_WORK ORDER_
Write out the listing exactly, from its first line through the line holding "11月17日有网友拍摄到,章", but include none of the pictures.

==*==

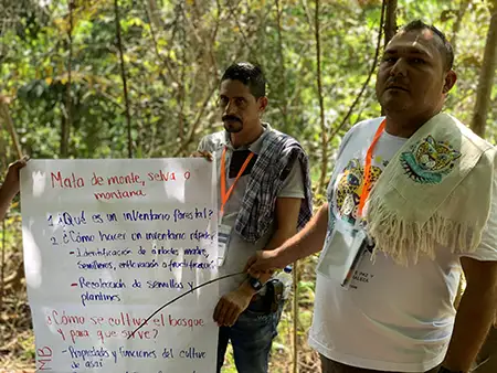Escuela de campo a asociaciones productoras de cacao para mejorar sus prácticas agrícolas.
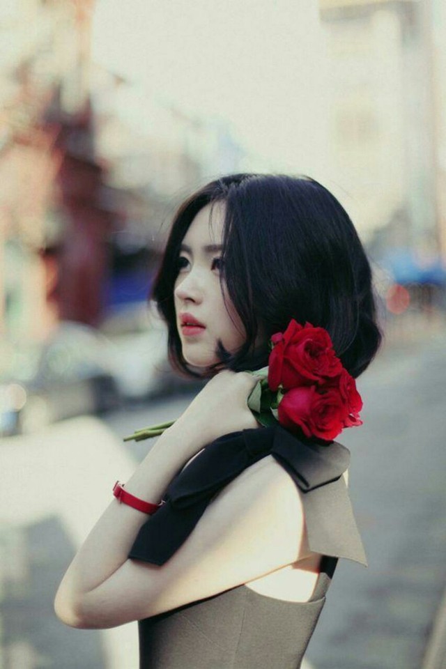 尹善英穿着黑色裙子手中拿着玫瑰花。
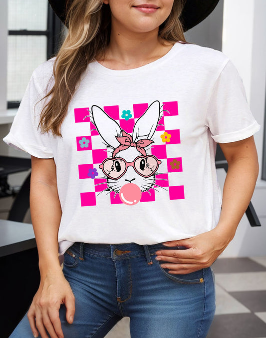 Bubblegum Easter Rabbit Checker Flower Graphic Plus Tee
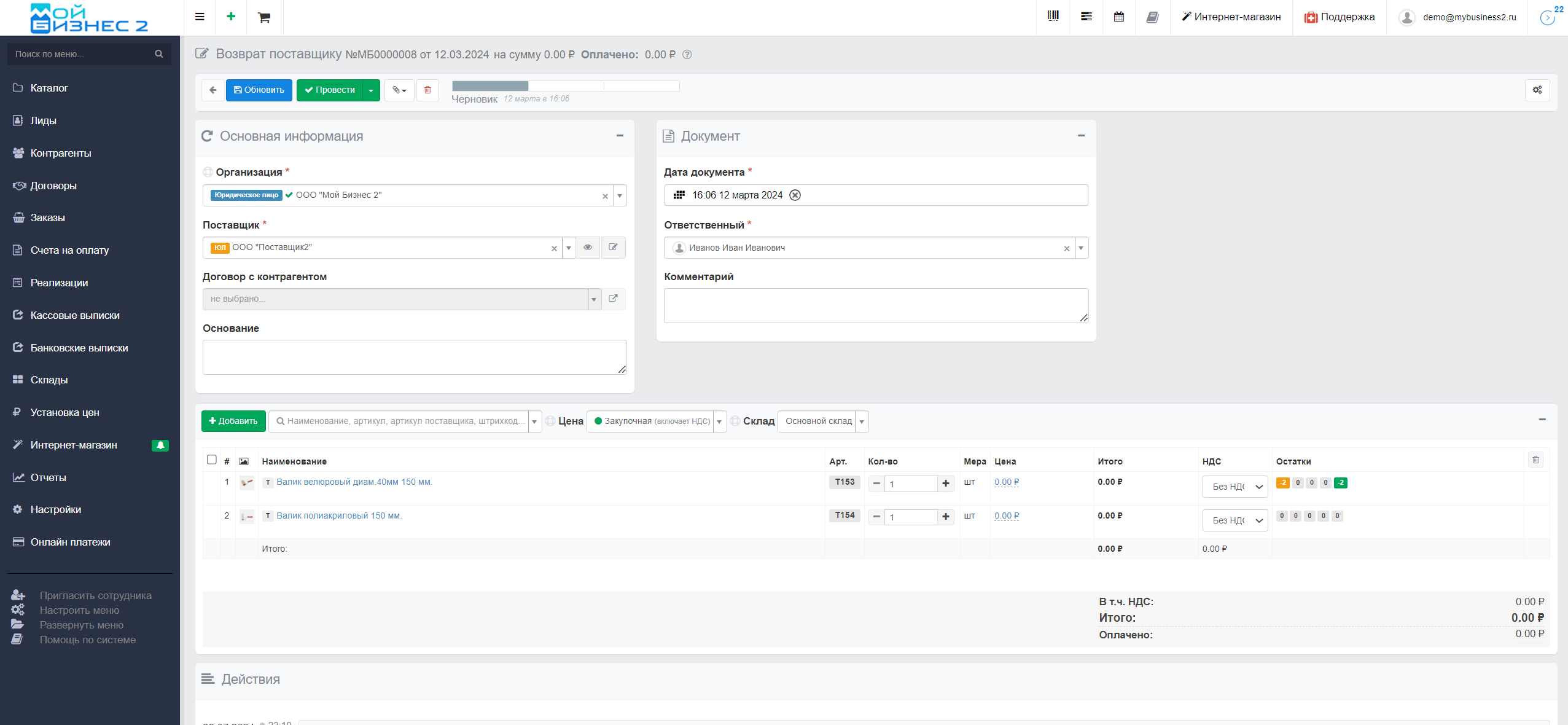 Документ "Возврат поставщику" также влияет на остаток. Он оформляется, к примеру, когда на склад прибыл бракованный или не отвечающий требованиям товар. Мы подготовили статью о том, как применять данный документ в нашей системе.
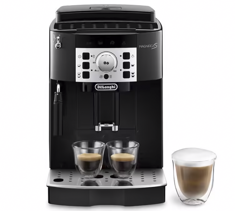 La macchina automatica DeLonghi Magnifica S 22.140.B è una delle macchine da caffè più popolari sul mercato. Le sue dimensioni piuttosto compatte offrono contenitori abbastanza grandi, adatti a una coppia che beve diversi caffè al giorno.
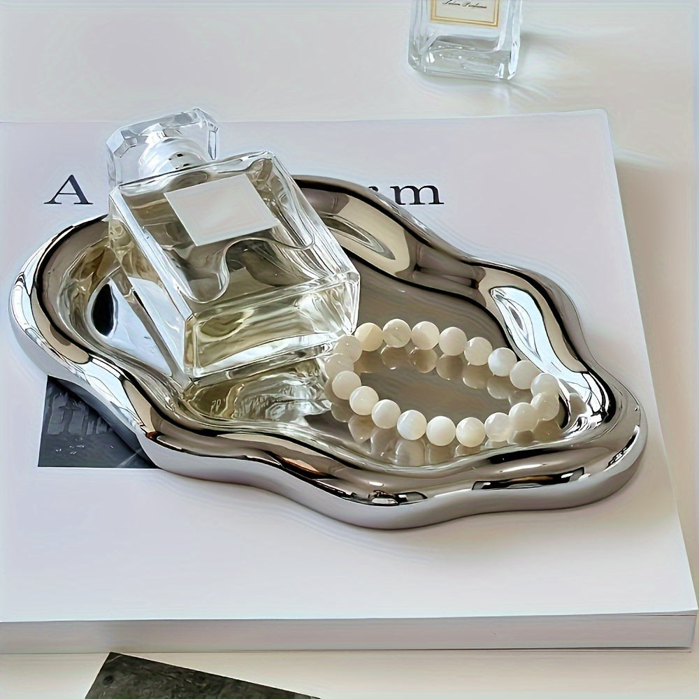 Шикарный белый керамический поднос с золотыми акцентами - потрясающая витрина для ювелирных изделий и духов, идеально подходит для дома, офиса или подарка на День матери
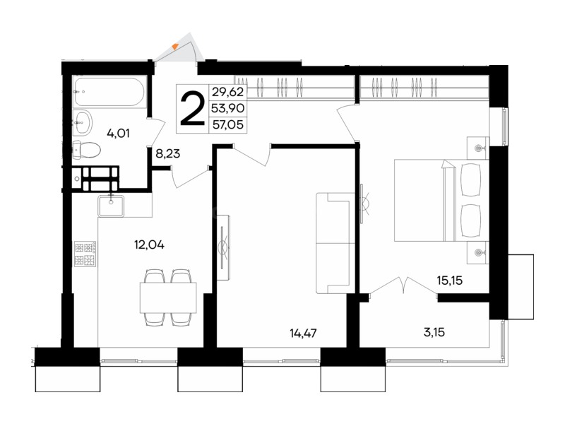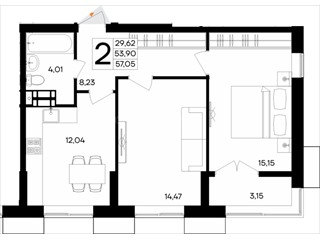 В продаже имеются квартиры в жилом комплексе "Семисчастье" премиум-класса. Общая площадь составляет 57,051 кв.м., при этом кухня - 12,04 кв.м. Высота потолков достигает 2,7 м.
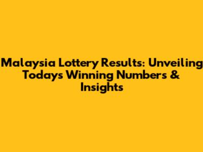 Malaysia Lottery Results: Today's Winning Numbers & Insights
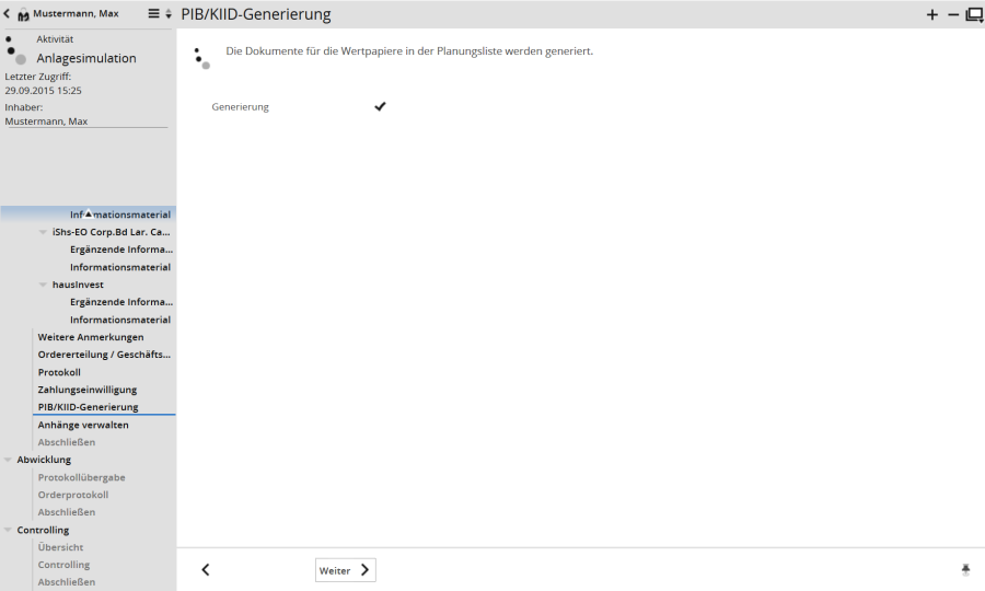Anlagesimulation - Erfassung - PIB/KIID-Generierung
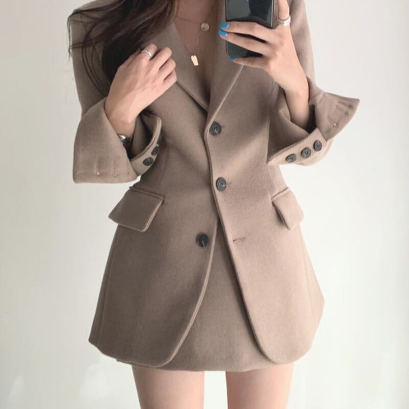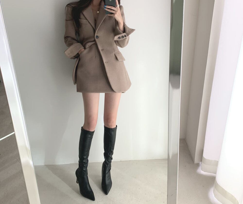 オータムウィンターボタンコート ハイウェストウェストスカート 秋物 冬物 ICC_レディース9259902066
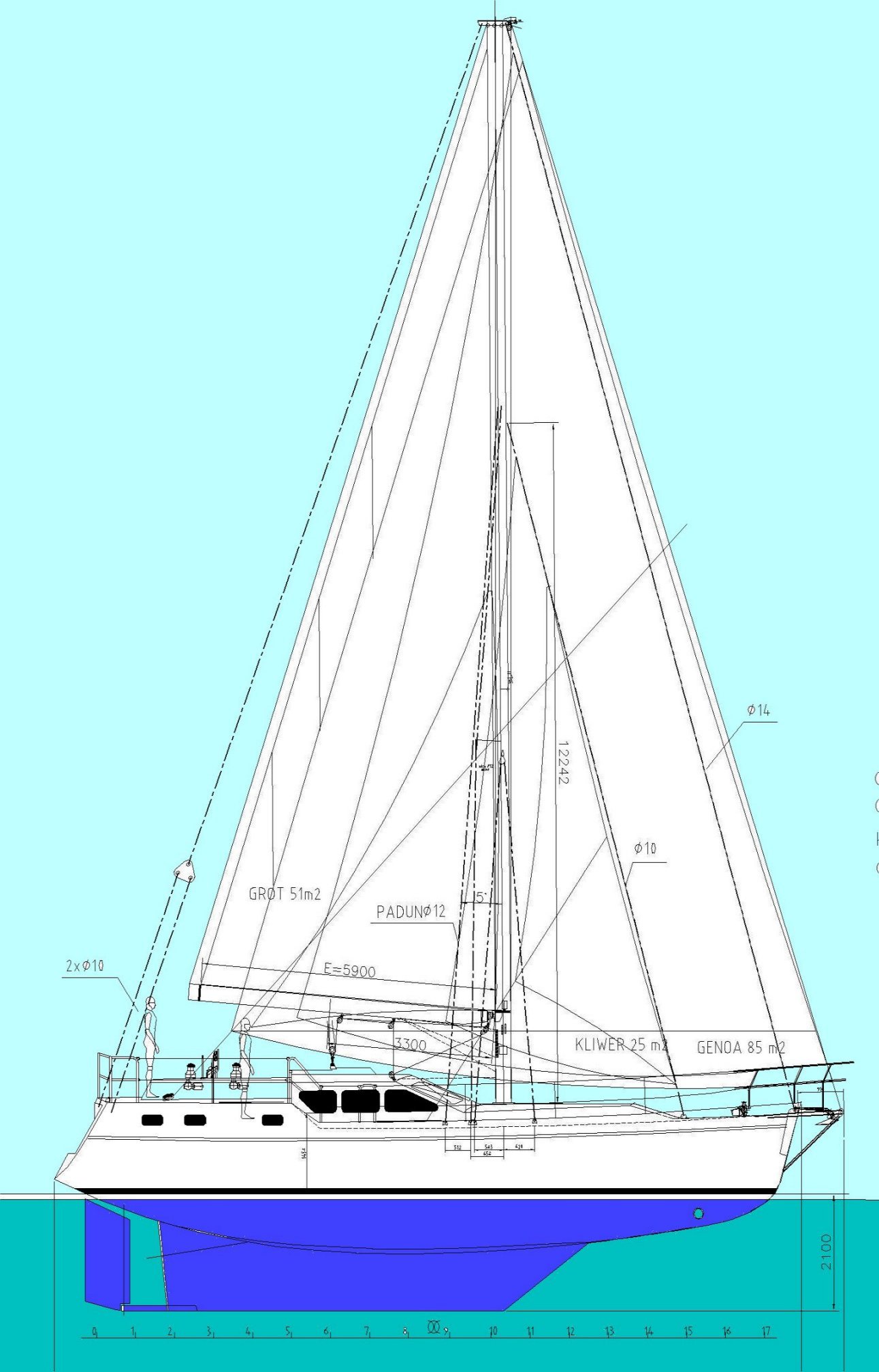 "(...)Napęd żaglowy to jednomasztowy, topowy takielunek typu kuter. Żagle podstawowe to grot rolowany w maszcie o pow. 51m2, genoa rolowana na forsztagu o pow. 85m2 i kliwer 25 m2 na kuter sztagu(...)"
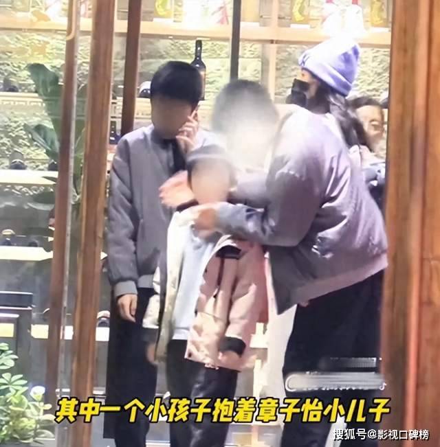 11月17日有网友拍摄到,章子怡带着一对儿女外吃烤的画面。离开时,一行人走出来。
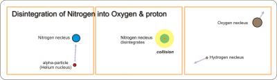 ম্যানচেষ্টারে থাকার সময়েই ১৯১৮'তে রাদারফোর্ড প্রমাণ করেন যে নাইট্রোজেন পরমাণুকে ভেঙ্গে অক্সিজেন ও হাইড্রোজেন তৈরী করা সম্ভব। যদিও তিনি স্বর্ণ তৈরী করেননি তবুও তার এই পরীক্ষা আলকেমিষ্টদের দীর্ঘ লালিত স্বপ্ন, এক পদার্থকে আরেক পদার্থে রূপ দেয়াকে বাস্তবে সম্ভব করে। তিনি ১৯১৯ সালে তার রিসার্চ প্রকাশ করেন এবং পত্র-পত্রিকায় তা হেডলাইন হয়। ১৯৩০ এর দিকে লোকের ধারণা ছিলো যদি কখনও পরমাণু বিভাজন করা হয় তবে পৃথিবী ধ্বংস হবে। কিন্তু রাদারফোর্ড তার প্রায় দশ বছর আগেই পরমাণুকে ভাঙ্গতে সক্ষম হন। তিনি অবশ্য তখনও প্রোটন কে 'unknown particle' হিসেবে বলেছিলেন।
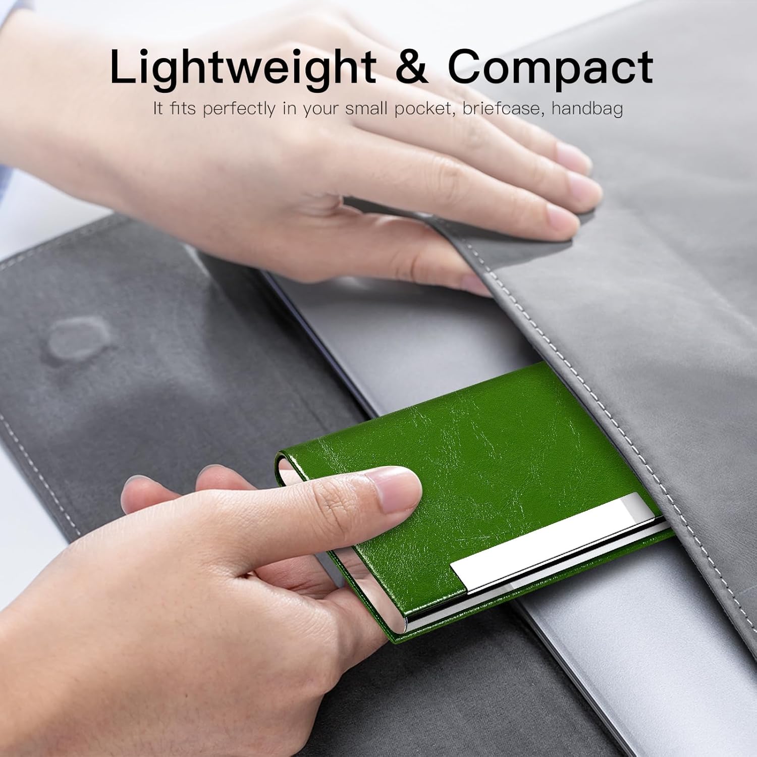 Padike Business Card Holder, Business Card Case Professional PU Leather & Stainless Steel Multi Card Case,Business Card Holder Wallet Credit Card ID Case/Holder for Men & Women. (V-Green)

==*==

_ANSWER TO THIS TASK_
Escuela de campo a asociaciones productoras de cacao para mejorar sus prácticas agrícolas.
 尹善英穿着黑色裙子手中拿着玫瑰花。
 Bubblegum Easter Rabbit Checker Flower Graphic Plus Tee
 Документ "Возврат поставщику" также влияет на остаток. Он оформляется, к примеру, когда на склад прибыл бракованный или не отвечающий требованиям товар. Мы подготовили статью о том, как применять данный документ в нашей системе.
 La macchina automatica DeLonghi Magnifica S 22.140.B è una delle macchine da caffè più popolari sul mercato. Le sue dimensioni piuttosto compatte offrono contenitori abbastanza grandi, adatti a una coppia che beve diversi caffè al giorno.
 Шикарный белый керамический поднос с золотыми акцентами - потрясающая витрина для ювелирных изделий и духов, идеально подходит для дома, офиса или подарка на День матери
 В продаже имеются квартиры в жилом комплексе "Семисчастье" премиум-класса. Общая площадь составляет 57,051 кв.м., при этом кухня - 12,04 кв.м. Высота потолков достигает 2,7 м.
 Malaysia Lottery Results: Today's Winning Numbers & Insights
Anlagesimulation - Erfassung - PIB/KIID-Generierung
 オータムウィンターボタンコート ハイウェストウェストスカート 秋物 冬物 ICC_レディース9259902066
 "(...)Napęd żaglowy to jednomasztowy, topowy takielunek typu kuter. Żagle podstawowe to grot rolowany w maszcie o pow. 51m2, genoa rolowana na forsztagu o pow. 85m2 i kliwer 25 m2 na kuter sztagu(...)"
 11月17日有网友拍摄到,章子怡带着一对儿女外吃烤的画面。离开时,一行人走出来。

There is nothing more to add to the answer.